Opportunity sizing and uplift potential is an art more than a science. Eye up the size of the prize, but don’t get confident until you have the data from actually running the test. In predicting the size of an opportunity, be data-informed. Not data-led or data-driven. Make decisions combining the data you have, alongside your gut.

It sounds like huge cop out, but it’s the truth behind why most tests that turn out to be amazingly impactful get run. They simply wouldn’t be prioritised on the hard data alone.

Some people like to claim they’re messiahs that knew by analysing the data exactly what to do to capture some prize. Maybe those people exist. I’ve yet to meet one that hits any more consistently than one that combines the hard data with the glued together soft data in their head and the feel in their gut.

Being data-informed and training your gut will empower you to run tests you otherwise wouldn’t have prioritised.

You train your gut by being extremely close to your users, the business, the product, the industry, and more. This is why the discovery lake isn’t some performative exercise.
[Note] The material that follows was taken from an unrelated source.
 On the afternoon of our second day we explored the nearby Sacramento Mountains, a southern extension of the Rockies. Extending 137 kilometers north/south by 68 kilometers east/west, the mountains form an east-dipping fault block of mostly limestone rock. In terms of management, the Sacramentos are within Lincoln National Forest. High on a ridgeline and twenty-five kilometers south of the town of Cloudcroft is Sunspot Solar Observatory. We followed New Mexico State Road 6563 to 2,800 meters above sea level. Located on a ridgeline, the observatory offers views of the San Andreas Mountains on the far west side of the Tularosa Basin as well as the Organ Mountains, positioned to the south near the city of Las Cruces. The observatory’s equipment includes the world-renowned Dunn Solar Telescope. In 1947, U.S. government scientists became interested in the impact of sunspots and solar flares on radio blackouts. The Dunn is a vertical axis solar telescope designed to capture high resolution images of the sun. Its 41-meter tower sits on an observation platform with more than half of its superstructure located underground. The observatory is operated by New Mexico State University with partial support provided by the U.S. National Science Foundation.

It’s a continuous habit of bathing in the context and being a true domain expert in your users and business. This is the true product manager role, but in a product manager’s absence, whoever the growth lead is must take this on.

By practicing finding the sweet spot between what is right for this team and this time and what could be impactful, you will hone your skills. It’s like training to run a marathon. What the data tells you about how you can approach the training, combined with what your body is telling you.
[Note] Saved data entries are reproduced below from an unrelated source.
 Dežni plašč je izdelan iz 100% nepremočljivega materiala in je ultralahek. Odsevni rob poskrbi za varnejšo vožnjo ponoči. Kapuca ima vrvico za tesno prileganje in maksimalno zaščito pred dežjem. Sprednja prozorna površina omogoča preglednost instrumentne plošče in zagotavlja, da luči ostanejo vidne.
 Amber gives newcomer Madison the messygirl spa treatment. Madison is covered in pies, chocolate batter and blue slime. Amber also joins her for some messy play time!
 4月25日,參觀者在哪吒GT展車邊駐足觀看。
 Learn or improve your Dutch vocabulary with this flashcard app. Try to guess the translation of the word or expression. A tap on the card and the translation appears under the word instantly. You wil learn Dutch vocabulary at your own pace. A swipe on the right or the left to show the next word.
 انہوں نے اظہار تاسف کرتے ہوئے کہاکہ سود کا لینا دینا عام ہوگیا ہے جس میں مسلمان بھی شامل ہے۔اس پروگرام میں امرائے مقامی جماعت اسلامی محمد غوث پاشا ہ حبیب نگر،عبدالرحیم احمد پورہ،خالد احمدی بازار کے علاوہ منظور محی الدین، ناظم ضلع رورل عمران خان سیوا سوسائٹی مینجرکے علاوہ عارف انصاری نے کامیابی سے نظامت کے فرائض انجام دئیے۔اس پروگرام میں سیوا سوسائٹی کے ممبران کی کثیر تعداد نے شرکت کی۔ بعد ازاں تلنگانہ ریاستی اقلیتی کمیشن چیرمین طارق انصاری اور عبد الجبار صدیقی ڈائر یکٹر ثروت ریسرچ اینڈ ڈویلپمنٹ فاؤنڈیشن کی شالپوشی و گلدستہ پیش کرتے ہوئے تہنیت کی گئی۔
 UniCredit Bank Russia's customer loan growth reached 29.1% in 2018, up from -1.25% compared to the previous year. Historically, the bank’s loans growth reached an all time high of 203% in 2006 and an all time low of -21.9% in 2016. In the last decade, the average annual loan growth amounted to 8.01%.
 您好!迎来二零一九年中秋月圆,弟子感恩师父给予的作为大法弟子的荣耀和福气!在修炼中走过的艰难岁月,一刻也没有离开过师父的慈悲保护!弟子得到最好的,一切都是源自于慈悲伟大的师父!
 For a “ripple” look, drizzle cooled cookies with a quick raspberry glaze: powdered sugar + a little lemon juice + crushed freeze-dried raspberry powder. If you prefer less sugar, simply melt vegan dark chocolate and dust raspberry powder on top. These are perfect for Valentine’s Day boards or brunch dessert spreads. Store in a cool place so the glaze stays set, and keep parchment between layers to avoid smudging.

From here, is where you’ll take items from the top of your prioritised list and set up a good test to actually build and run.

But I’m calling it here, for now

Ooft, that’s been a long read.

Like 10,000 words long.

Maybe you just skimmed it.

Regardless, if you made it here - nice work.

You’ve read my first pass at practically thinking about and doing product discovery, especially in growth contexts.

From this guide you should now:

  1. Understand the idea and value of continuous discovery and know how to build your own discovery lake
  2. Be able to generate insights from your lake
  3. Have frameworks for coming up with a whole load of ideas based on your insights, and
  4. Know how to prioritise those ideas based on your knowledge of your product and customers and where your team is.

Next, you’ll want to look at how to ensure you’re designing good tests of the ideas you’ve prioritised, but that’s a topic I’ll have to write about another day.

In the meantime, if you want a great book for running good tests, pick up this one called Trustworthy Online Controlled Experiments on Amazon or wherever. It’s mainly focused on A/B testing, but this kind of test is the bread and butter of the top right quadrant where you are - so it’s a good next step.